When will the bank decide if they are passing it on. 

CEO: I can't talk about it.  The board has not discussed it yet.  I don't expect it at the next board meeting. The Executive team brings it to the Board and we don't intend to do it at the next meeting. 

60% of our mortgages are on fixed rates 

30% trackers 

10% variable 


Pearse: You charge the highest variable rates.
You are charging 4.5% 
AIB is charging 3.15% 

It would be the art of madness to be on a [fixed] rate with Boi.  You can save thousands by switching to Avant or AIB. 
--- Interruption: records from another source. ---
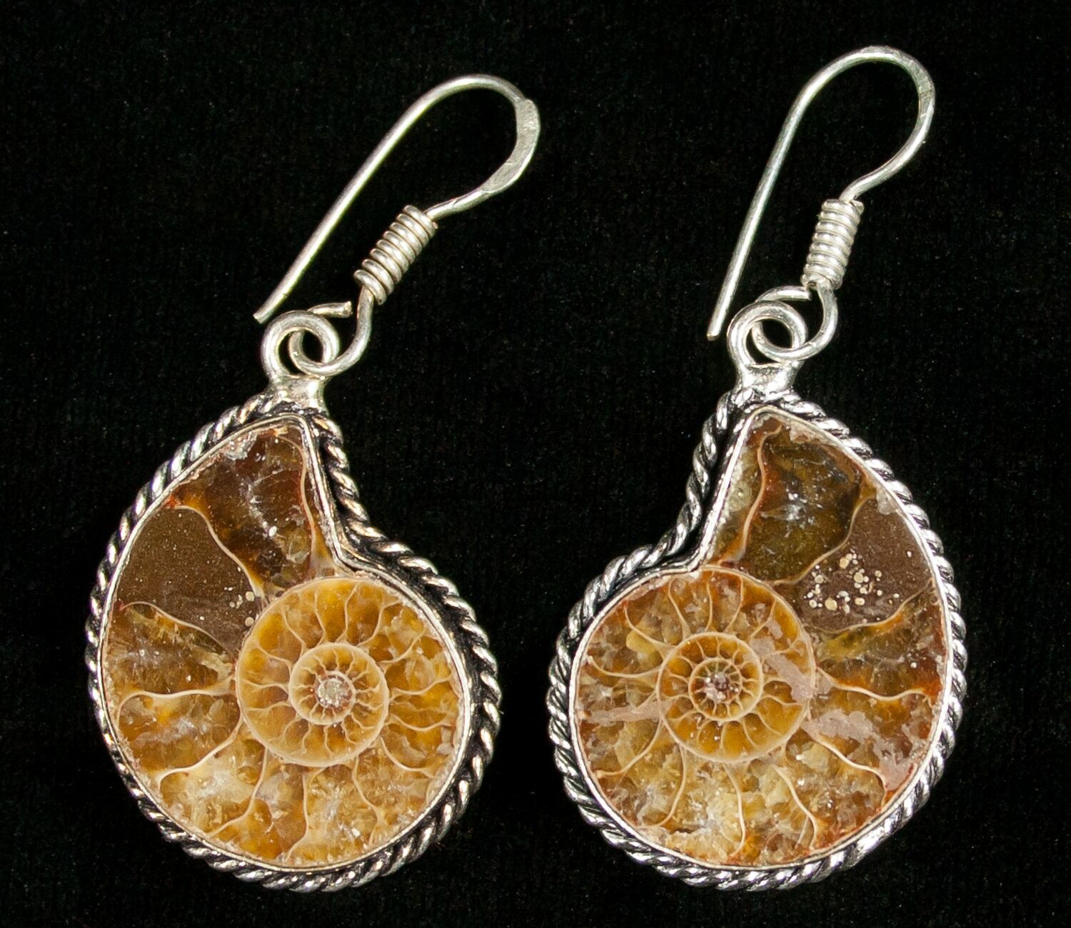 Here is a unique pair of earrings featuring a real, 110 million year old cut, and polished ammonite fossil from Madagascar.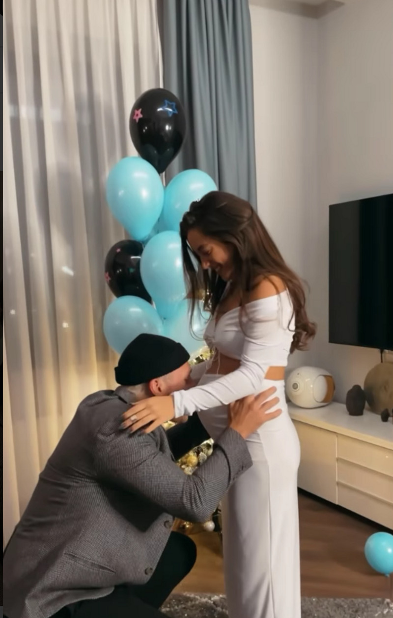 Влюбленные до последнего момента не знали пол ребенка, решив для этого устроить гендер-пати. Для этого они сняли кафе, украсив его шариками нейтрального цвета. В момент X они лопнули черный шар, из которого посылись конфетти и шарики размером поменьше голубых оттенков.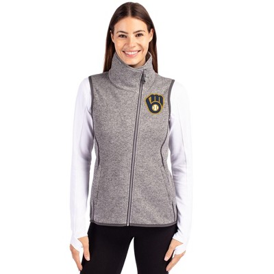 Milwaukee Brewers Cutter & Buck Mainsail Sweater Knit Womens Full Zip Vest - Charcoal Heather - Small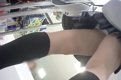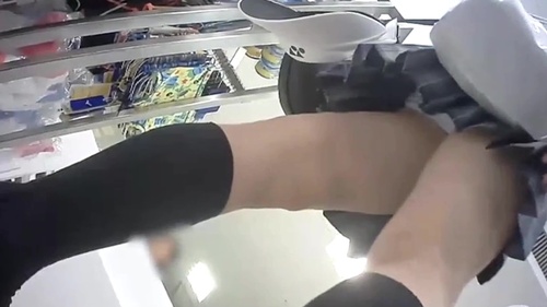 靴を買いに来た女の子とスクール水着を買いに来た女の子のパンチラ。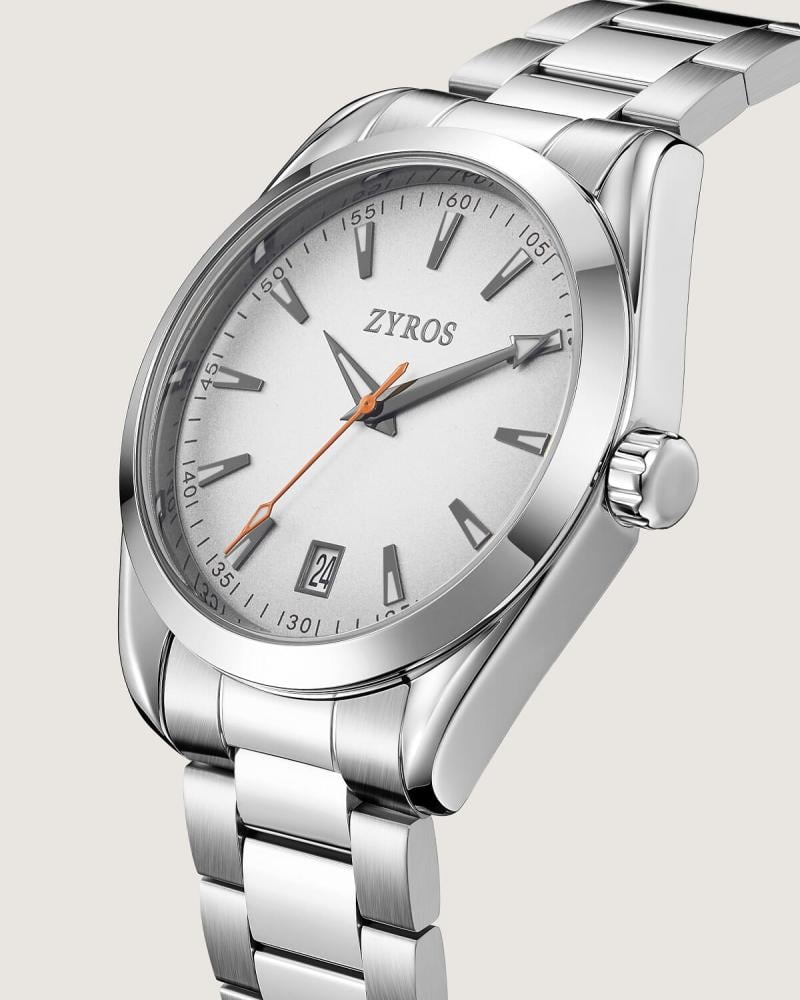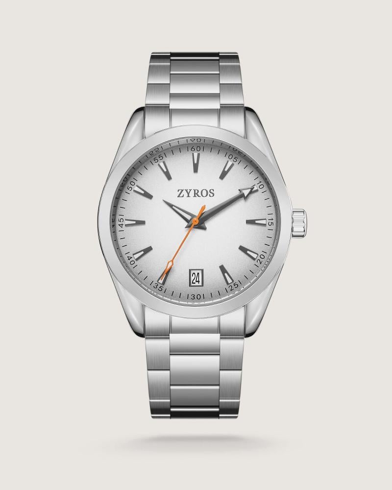 في هذه الساعة، يلتقي الزمن بالثبات. تصميمها يُحاكي وضوح الرؤية، وميناؤها المزيّن بنقوش دقيقة وأرقام للدقائق يروي سكونًا ووقارًا . عقارب تلامس الأرقام ورؤية واضحة للتاريخ ، كأنها تمرّ على محطات من المجد، وسوار معدني من الستيل مصقول يوحي بتفاصيل لا تُجامل في أناقتها. تفاصيل تحاكي طبع الرجال الذين يشبهون الأرض: ثابتين، وأصلهم عريق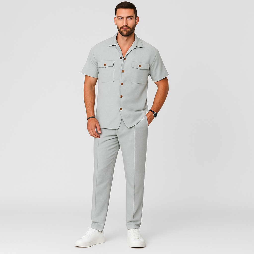 2-teiliges Sommer-Set für Herren – Lässiges Strandhemd mit Doppeltaschen und passende lange Hose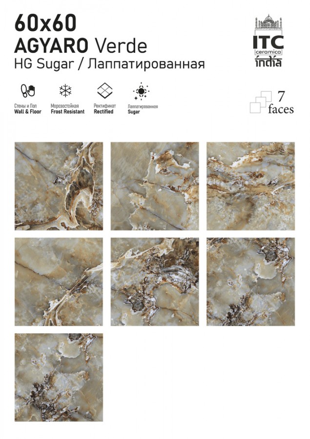Плитка ITC India универсальная (напольная и настенная) 60x60 Керамогранит AGYARO Verde HG Sugar

Why would any of your customers remain on a 4.5% 

Are you just "taking a hand at them"?  

CEO: We write to them every year 

Pearse:  Your bank knows that there is a cohort who will fix their rate and then at the end of the fixed rate they will default to the variable rate or do you think that they just like giving you money

CEO: We provide a comprehensive suite of products... 

Pearse: Why would anyone be with your bank on 4.5% when they could be with AIB at 3.15% 

CEO: The service they get from us...

Pearse: Give me a sound finance reason 

CEO: Every person's circumstances is different.

Pearse: Give me an example of one

WE know that people are afraid of moving.  YOu are doing it consciously. There is no financial reason why you should be with BoI on a variable mortgage. If you have a mortage of €200k , you will save €30k by being with AIB.

You are exploiting the inertia of your customers. 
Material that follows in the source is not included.